Oh, yes, most folks with desk jobs would still be working -- at least I sure was. My company's pregnancy leave is day-limited; if you leave before delivery you have to dock those days off your maternity leave.
With SPD, being seated upright in a chair is the least painful position possible. Standing is excruciating, but lying down is nearly as bad, because you cannot move your legs or hips without pain, but you always want to in order to shift the weight of the baby. SPD isn't dangerous in terms of one's systemic health at all; it is just pure pain, coupled with the risk that one of your legs will fold under you if you can't manage to hold your hip joints stiffly enough whilst walking.
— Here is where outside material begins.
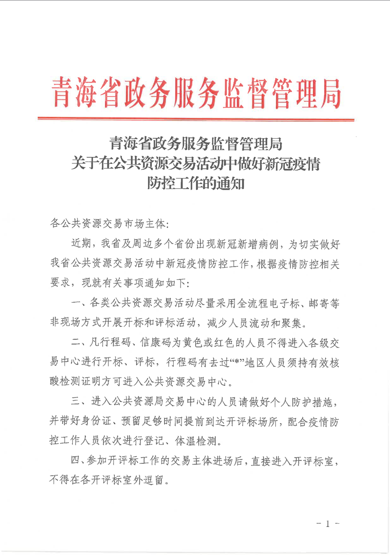 青海省政務服務監督管理局關于在公共資源交易活動中做好新冠疫情防控工作的通知
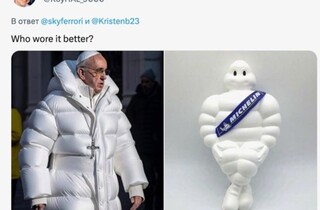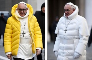 Фотографії Папи Римського Франциска у величезному білому пуховику Moncler, поверх якого одягнений срібний хрест, з'явилися на мережі. Користувачі соцмереж почали публікувати знімки глави Римо-католицької церкви в незвичайному для нього образі і перетворили фото на мем.

With my youngest, my OB finally told me that I couldn't go to work any more at my weekly visit of week 39; that was on Wednesday. I delivered on Saturday, and yep, I had to go back to work at 6 weeks minus 3 days because of it. DH actually got laid off during the final week of my leave, which is what saved us; our daycare would not take an infant younger than 6 weeks.
I was essentially fine as long as I was sitting at my desk with my legs propped up, but I tried hard to stay in that chair and not stand unless it was absolutely necessary. In each of my pregnancies I was using a cane by 15 weeks.
Personally, I wouldn't have needed company-issued "medical parking" either -- because my OB always signed the paperwork for me to obtain a DMV temporary disability placard until the end of my due month. However, there are a lot of OB's (mostly males, of course) who dismiss SPD as imaginary or just not that painful; if I had had a physician like that and medical parking was available, you bet I would have applied for it.